HOW TO COMPLETE THIS TASK:
Starting with the line that has "女子向けラノベタイトル風あだ名 | 『闇のやかとめす』 |" in the records below and stopping after the line that has "Convocatorias | +45,45% |", output every line exactly and nothing else; skip pictures.
··· INPUT FOR THIS TASK ···
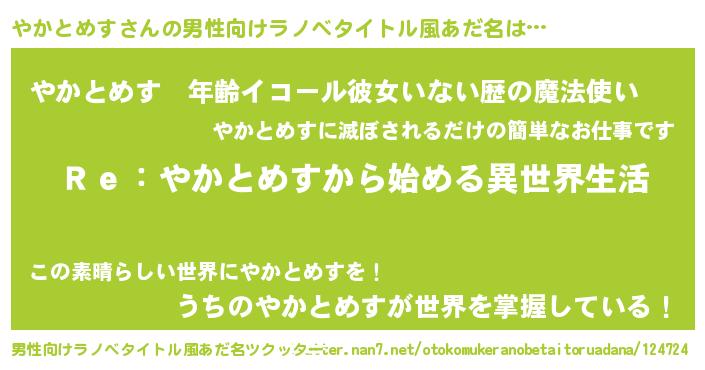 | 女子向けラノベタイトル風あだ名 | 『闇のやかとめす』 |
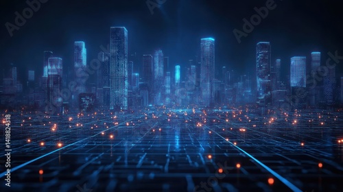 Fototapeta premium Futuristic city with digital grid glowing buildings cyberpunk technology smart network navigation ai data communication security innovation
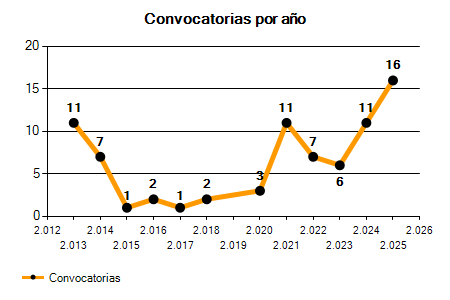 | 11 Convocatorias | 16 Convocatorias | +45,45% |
···
··· INPUT FOR THIS TASK ···
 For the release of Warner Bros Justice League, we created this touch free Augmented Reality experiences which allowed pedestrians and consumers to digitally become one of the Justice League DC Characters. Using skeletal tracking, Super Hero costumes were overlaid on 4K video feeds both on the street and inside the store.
···
YOUR RESPONSE:
 | 女子向けラノベタイトル風あだ名 | 『闇のやかとめす』 |
 Fototapeta premium Futuristic city with digital grid glowing buildings cyberpunk technology smart network navigation ai data communication security innovation
 | 11 Convocatorias | 16 Convocatorias | +45,45% |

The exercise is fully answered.